Have you been hitting the gym on a daily basis, eating rabbit food for the past two months, repeatedly drinking green tea and a lot of water yet the readings on the weight scale still makes you cry? Even after cutting down sugar and carbs, tried out fad diets on the internet and still can’t lose even an inch of your waist? It is important to understand that there are various factors that can inhibit your weight loss. Weight loss is not all about working out and eating less.
This is all counter to what people think they know. Just because someone is obese or overweight, does not mean they are not trying. In fact the pressure alone from the society contributes to weight gain. Here are some of the other factors behind size and thighs, fats and butts;
Those who have a family history of obesity may have challenges maintaining healthier weight. Other genetic disorders such as Prader-Willi syndrome are linked to obesity. However, factors such as eating healthy and increasing physical activity can help prevent obesity in people with these disorders.

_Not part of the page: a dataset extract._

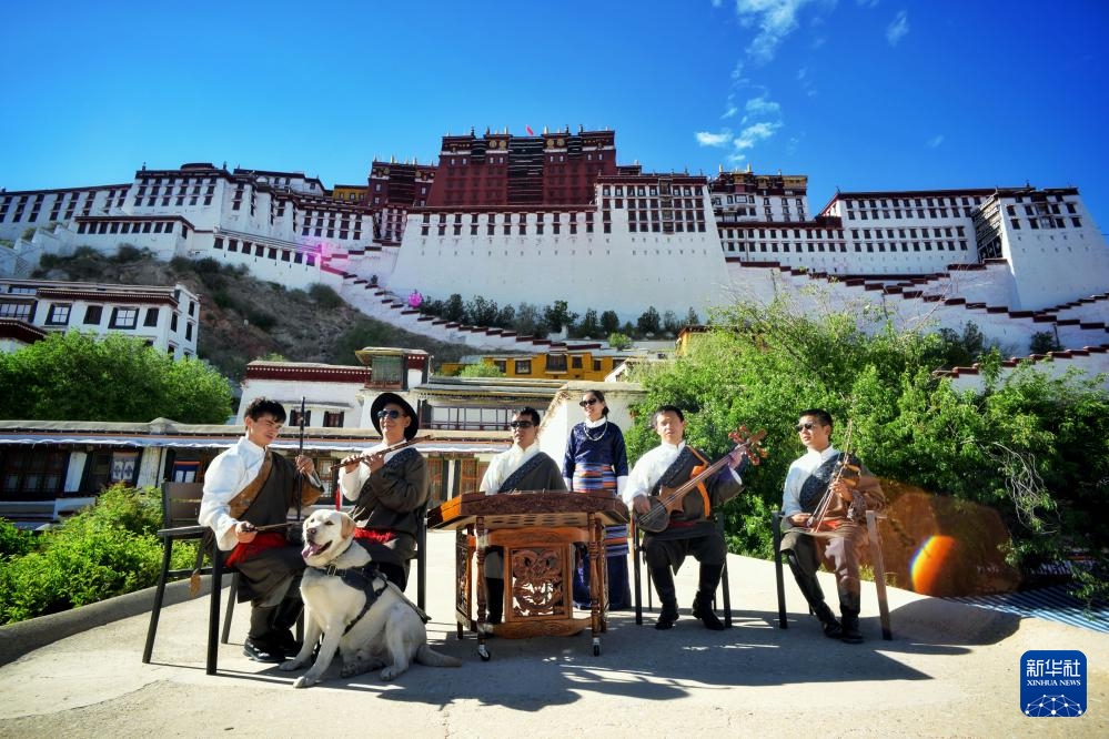 2025年6月17日,咔噠嘎布盲人樂團(tuán)在布達(dá)拉宮前合影。(受訪者供圖)

It has been proven that in response to stress, some people turn to food instead of alcohol or recreational drugs for stress relieve. When cortisol,’ the stress hormone’ is high, the body craves starchy or sugary foods, which are known to contribute to weight gain. As much as it’s hard to avoid stress in our day to day life, try and do activities that can relieve stress such as listening to music, meditation, jogging etc.
The rate of metabolism differs with people. Some are slower than others due to body size, age or digestive tract health in general. This explains why people experience different results even when on the same weight loss program. Exercises is one of the best way to boost your metabolic rate. Also foods like vegetables and fruits.
Some hormonal imbalance conditions, such as hypothyroidism, insulin resistance and polycystic ovarian syndrome (PCOS), might make it difficult to lose weight. You need to do a hormonal test to confirm any of these and your doctor will prescribe the required hormone to correct the imbalance. A low-fat, low-glycaemic-index (GI) diet will be in deed helpful and daily exercise will improve your weight and insulin and glucose levels.
Deprivation to sleep upsets our hormone balance. People who sleep at least 8 hours daily feel a sense of fullness and tend to lose weight spontaneously. Those who sleep less tend to feel hungry even though they aren’t because lack of sleep causes an increase in ghrelin, the hormone responsible for hunger. Sleep may be the cheapest and easiest way to weight loss.
Some drugs are known to cause weight gain as a side effect. Drugs such as those used to treat diabetes, seizures, some contraception, steroids and hormonal replacement therapy are few examples. It is always good to ask your doctor about weight and the drug prescribed if you are working hard to lose weight.
It is important to know that physical activity and healthy eating should remain a part of your daily life. Just because you are fat does not mean you are not fit. These two are the key to fitness. A man once said, ‘We don’t have great tools to change people’s weight, but we know we can change their fitness levels.’